You can double the voltage integrator output signal if you flip the coil over and slide it back on the bar magnet.

Bob S
 
  • #5
I am currently in undergraduate Physics, and have little experience setting up circuits and I feel that is beyond by capabilities due to the lack of knowledge I currently have. Is there any easier way? It doesn't have to be extremely precise.

EDIT:

What if I create an EMF by rotating the magnet in a solenoid and using faradays Law?
 
Last edited:
  • #6
Xyius said:
What if I create an EMF by rotating the magnet in a solenoid and using faradays Law?
If the bar magnet is less than ~2 times longer than it is wide, you can do it this way. The equipment for this is very similar to the voltage integrator/ flip coil method I describe above and in the referenced post. The flip coil can be built using parts at the local electronics store (voltmeter, dc power supply, soldering iron, op-amp, resistor, capacitor, wire, coil form).

Here is a list of various methods suitable for your magnetic field measurement application.

Hall Effect
NMR (nuclear magnetic resonance)
Flux gate
Rotating coil
SQUID
Flip coil

Look them up on the web. Here is another method.

Calculate the moment of inertia of your bar magnet.

Tie a thread to it and measure the oscillation period (torsional pendulum) in Earth's magnetic field.

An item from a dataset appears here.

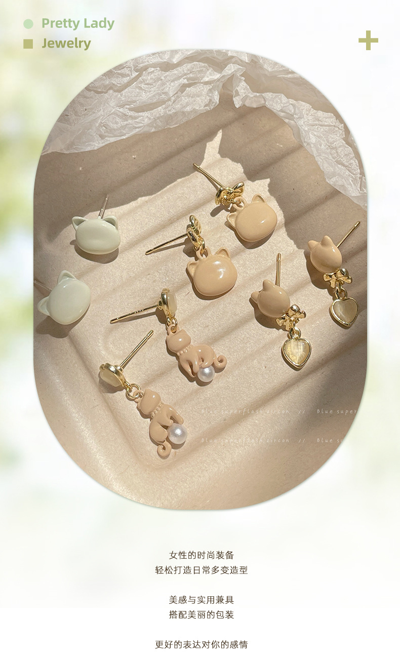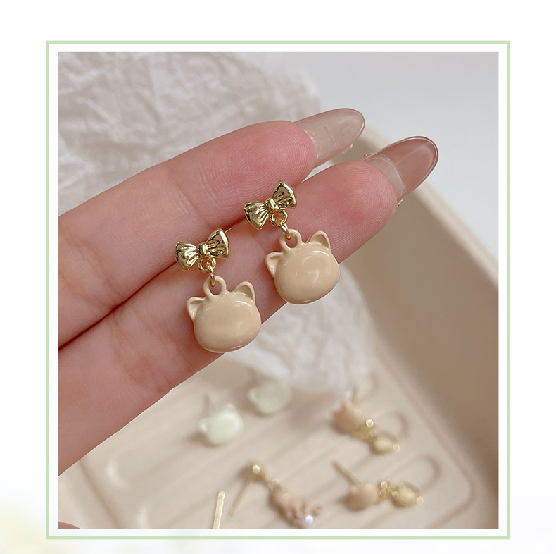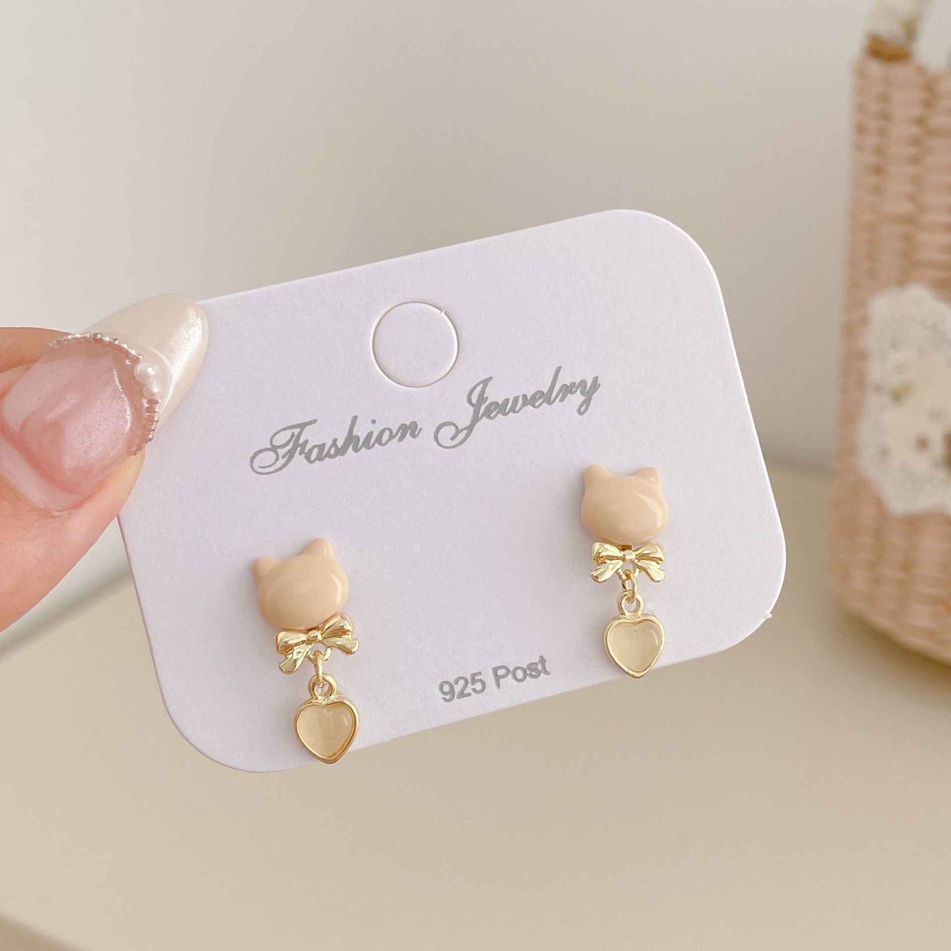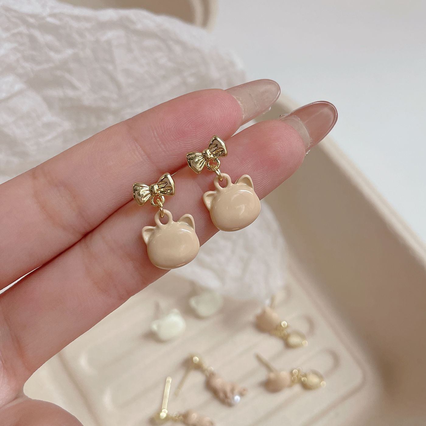 Summer New Lazy Cat Earrings Women's Silver Needle Maillard Cute Exquisite Cartoon Design Sweet Earrings

Calculate magnetic moment of bar magnet. From dimension of magnet, calculate the pole tip field strength.

Bob S
 
  • #7
Thanks A lot man, I can tell you know your stuff!
 

FAQ: Determining the magnetic field of a bar magnet experimentally?

How do you set up the experiment to determine the magnetic field of a bar magnet?

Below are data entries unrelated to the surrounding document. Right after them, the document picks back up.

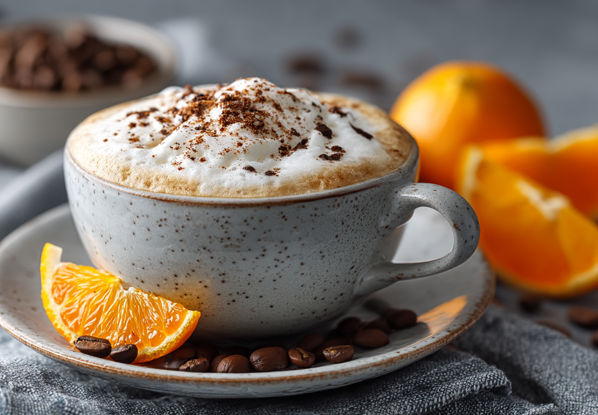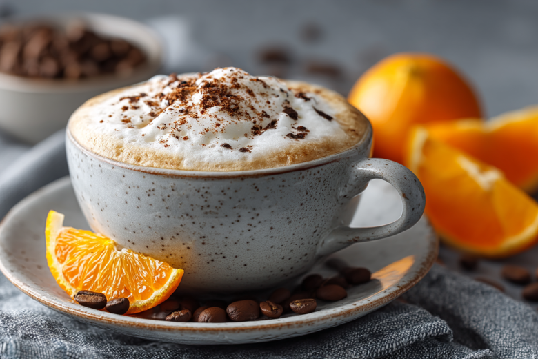 Апельсин тщательно мою, снимаю цедру (только оранжевую часть, без белой горечи). В ступке растираю цедру с тростниковым сахаром до появления сока и насыщенного аромата. Варю эспрессо (100 мл) и горячим вливаю в ступку с растертой цедрой и сахаром. Тщательно перемешиваю и взбиваю капучинатором до однородности, чтобы сахар полностью растворился, а кофе насытился цитрусовым ароматом. Отдельно подогреваю сливки (или молоко) до горячего состояния, но не кипячу. Взбиваю их капучинатором до образования плотной, пышной пенки толщиной 1,5–2 см. В чашку аккуратно вливаю кофейно-апельсиновую смесь. Сверху ложкой выкладываю взбитую пенку, стараясь сохранить ее воздушность. Украшаю щепоткой корицы или свежей апельсиновой цедрой. Подаю сразу, пока напиток горячий и ароматный.
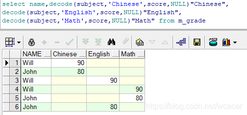 2 使用decode函數(shù)對(duì)表做行列轉(zhuǎn)換
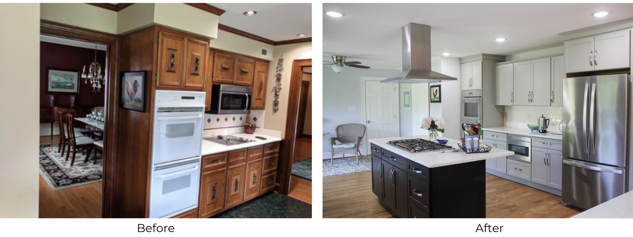 A married couple searching for a home to enjoy their retirement, found their forever home in Lenoir, NC back in 2017. After living in their home for almost a year, they decided to look into remodeling sections of their home to make them more functional for their lifestyle. As avid chefs, a space to get creative and spend time refining their cooking skills was essential. The home originally built back in the 1970’s was starting to show signs of age since no major renovations had ever been completed. The entire renovation consisted of opening up the kitchen, the living room, and the sunroom.

To set up the experiment, you will need a bar magnet, a ruler, a compass, and a piece of paper. Place the magnet on the paper and use the ruler to draw a line from one end of the magnet to the other. Then, place the compass next to the magnet and adjust it until the needle lines up with the drawn line on the paper.

What is the purpose of using a compass in this experiment?

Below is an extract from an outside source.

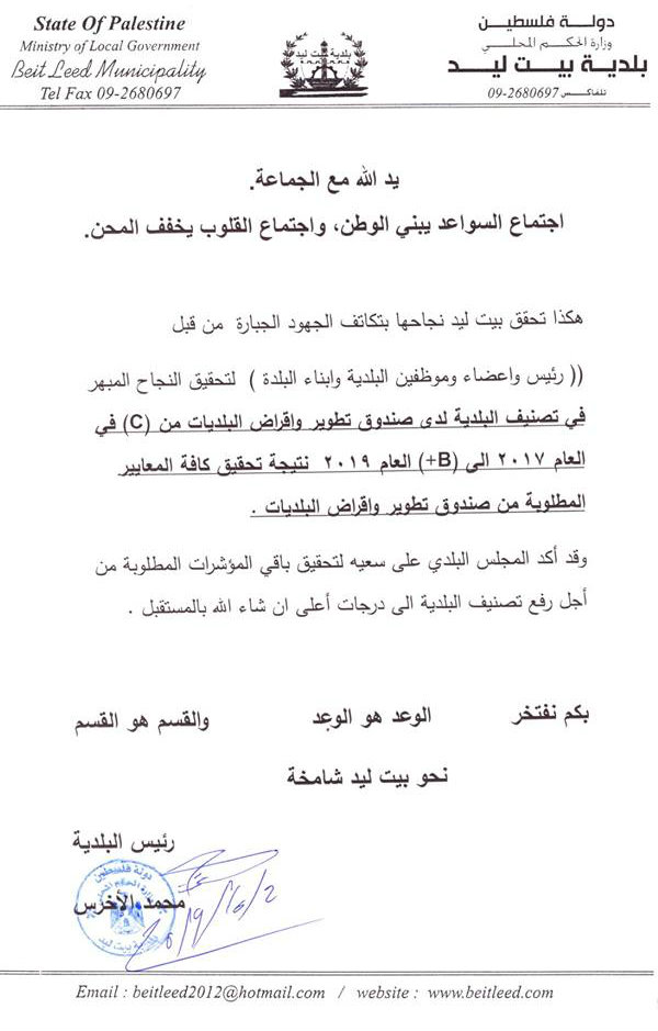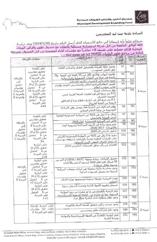 صندوق إقراض وتطوير البلديات يرفع تصنيف بلدية بيت ليد من C إلى B+.
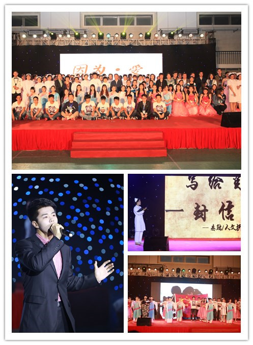 本次庆祝活动以“因为·爱”为主题,通过原创音乐叙事剧的表演形式,分为“耐心的温度”、“爱心的交响”、“细心的承诺”、“诚心的荣耀”、“责任心的担当”五个部分,表达了新生的护理力量对职业精神的理解,展现南丁格尔精神在现代的传承。高年级学生结合自己学习经历深情地讲述了临床护理专家用耐心与专业打动患者,通过改革护理措施与管理模式,为患者搭建崭新生命通道的感人故事,展现了护理人平凡、朴素但却无比高尚的梦想,歌颂了护士奉献的不仅仅是爱与善良,更是专业、敬业、精益求精。来自中日友好医院的临床带教老师和礼仪社的同学们通过倾情的演讲和舞蹈展现出护士心中的“信”“望”“爱”。伴随着悠扬的小提琴独奏,医院工作的真实经历震撼着在场每一位学生的心灵,同学们深深地感到面对脆弱无助的生命,遭受身心痛苦的生命,作为医学生,永恒不变的态度是对生命的敬畏。来自低年级的未来“男丁格尔”们用舞蹈精彩再现手术室工作场景,演绎了医护人员在平凡中坚守对生命的守护,用细心坚守对生命的承诺。来自护理学院的青年教师代表动情地讲述了自己成长的心路历程。她希望同学们要爱专业,更要满怀着责任心去爱患者,责任高于热爱。舞蹈团的同学们用一支《生命之魂》表达了她们将用爱与责任去为生命助力,去续写护理事业新的荣耀。当中国人民解放军第302医院的老师讲述她们带着祖国和人民的嘱托去塞拉利昂抗击埃博拉病毒的亲身经历时,在场的同学们再一次被中国以负责任的大国形象展现在世界面前所震撼,即将接受燕帽的同学全体起立,向援塞医疗队的老师致敬,向祖国致敬。

A compass is used to measure the direction of the magnetic field. By aligning the compass needle with the magnet, you can determine the direction of the magnetic field lines and use this information to calculate the strength of the magnetic field.

How do you calculate the magnetic field strength using this experiment?

To calculate the magnetic field strength, you will need to measure the distance between the magnet and the compass, as well as the angle between the magnet and the compass needle. Then, you can use the tangent function to calculate the magnetic field strength, which is equal to the tangent of the angle multiplied by the distance.

Can this experiment be used to determine the magnetic field of any type of magnet?

Yes, this experiment can be used to determine the magnetic field of any type of magnet, as long as the magnet has a consistent shape and orientation. However, the method of using a compass may not be accurate for magnets with a complex or irregular shape.

What are some sources of error in this experiment?

Some sources of error in this experiment may include the inaccuracy of the compass, variations in the strength of the magnet, and external magnetic fields interfering with the measurement. It is important to repeat the experiment multiple times and take an average to minimize these errors.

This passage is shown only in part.